ACC-NECA’s member contractors span all facets of the electrical industry. “We work with contractors of different size and scope,” says Moter. “Some run hundreds of employees, while others run 30 or less, and everything in between.”
Richmond-based member, Chewning & Wilmer Inc., is involved in large-scale electrical contracting, controls, instrumentation and mechanical service and is the oldest electrical contractor in Virginia.
In the Raleigh-Durham area, Sir Raleigh Electric Inc. is a standout union shop in market flooded with nonunion competition. The company offers area commercial and industrial customers complete electric service, including lighting and protection, security camera and card-access integration, thermal imaging, blackout services, prevention services and day-to-day design, build and maintenance of electrical systems.
A few hours south in Charlotte, ACC-NECA member Preferred Electric Company specializes in everything from premier office space to mission-critical data centers, energy centers and retail and health care facilities, and has been in business for more than 30 years. Terry J. Lette, president of Preferred Electric Company currently serves as the ACC-NECA governor and Charlotte division director.
Constantly working to serve members companies such as Chewning & Wilmer Inc., Sir Raleigh Electric Inc. and Preferred Electric Company, ACC-NECA helps enhance the market position of these union companies in a region that is historically nonunion.

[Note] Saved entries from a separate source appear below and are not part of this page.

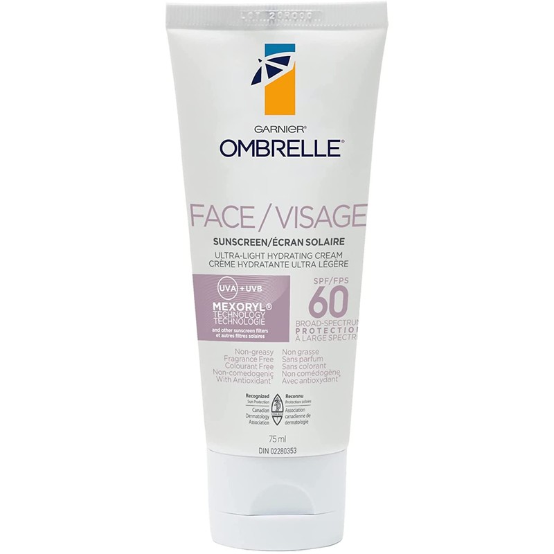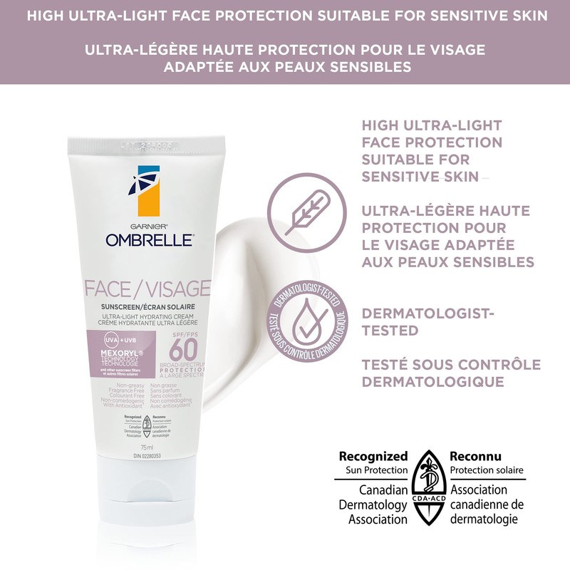 Garnier Ombrelle Sunscreen Ultra-Light Face Cream with Antioxidant, SPF 60, UVA UVB, 75 mL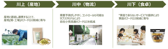 当社は、「サステナブルリテール」(持続可能型小売業)として、サブスクリプションモデルによる受注予測や、ふぞろい品の積極活用、家庭での食品廃棄が削減できるミールキットなどを通じ、畑から食卓まで、サプライチェーン全体で食品ロスゼロを目指しています。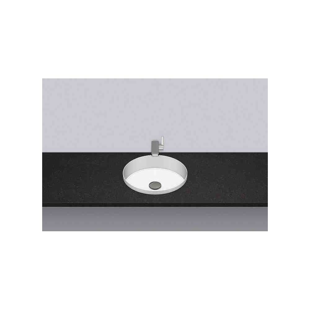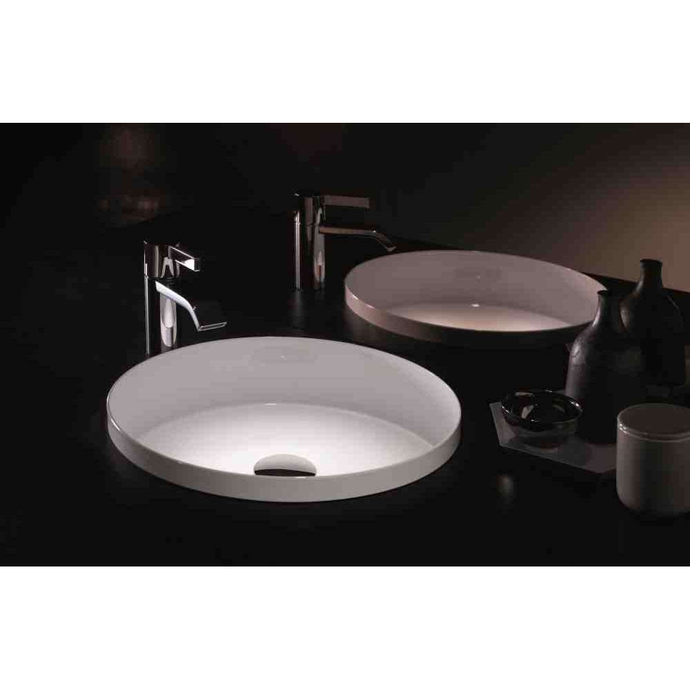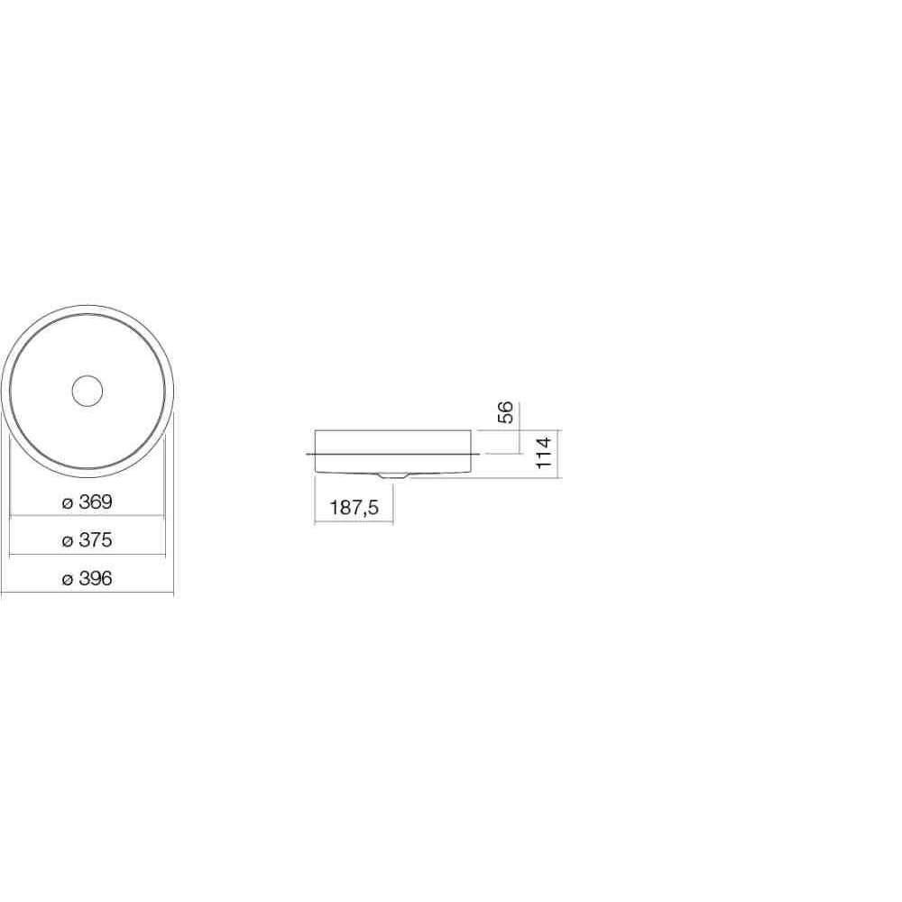 Umywalka do zabudowy, okrągła, ø 375mm, wysokość 114mm, z czego 25mm wystaje ponad blat, przeszklona wewnątrz i na zewnątrz, zoptymalizowana do montażu w blacie 30mm, bez otworu na baterię i przelewu, zawiera zawór spustowy z chromowaną zaślepką

ACC-NECA works with local union halls to negotiate the most competitive terms in both national and local agreements. The association also helps members increase job profits through trainings such as Effective Supervision, Electrical Estimating and implementing the Joint Apprenticeship Training Committee (JATC) programs.
Ramping up manpower
In the last decade, ACC-NECA has also found a relatively new class of labor, the Construction Wireman/Construction Electrician (CW/CE), to be beneficial in leveraging a competitive advantage. “It all depends on the market, but certain areas such as the commercial sector are so flooded with contractors that it’s really dog-eat-dog,” says Moter. “It’s difficult to land a bid and even harder to make money in the low-bid market, but lately data center and bank projects are moving along.”
ACC-NECA began implementing CW/CE workers in 2005 after the passing of the Carolina Small Works Agreement. “CW/CEs really started to ramp up because manpower is so tight in this area,” explains Moter. “We were given the go-ahead to utilize CW/CEs on most projects, just doing what we have to do to land the work that would otherwise go to a lower bid, nonunion shop.”
Moter says CW/CE classification is widely used throughout the Carolinas but less commonly in Virginia. “The program is particularly strong in Charlotte where our members are doing about 900,000 man hours currently,” he notes. “Overall, the CW/CE program has been a huge success.”
Part of this success can be attributed to great working relationships with representatives at the IBEW. “We’re fortunate to have a great business manager, Tommy Hill,” Moter adds. “He’s flexible and aggressive and he wants to see customer-contractor’s projects be a success.”
At the end of the day, Moter says progress comes down to good communication between ACC-NECA and business managers at the local IBEW, as well as great member relationships. For the last 18 years, the Atlantic Coast Chapter of the National Electrical Contractors Association has been furthering both sides of this successful business model.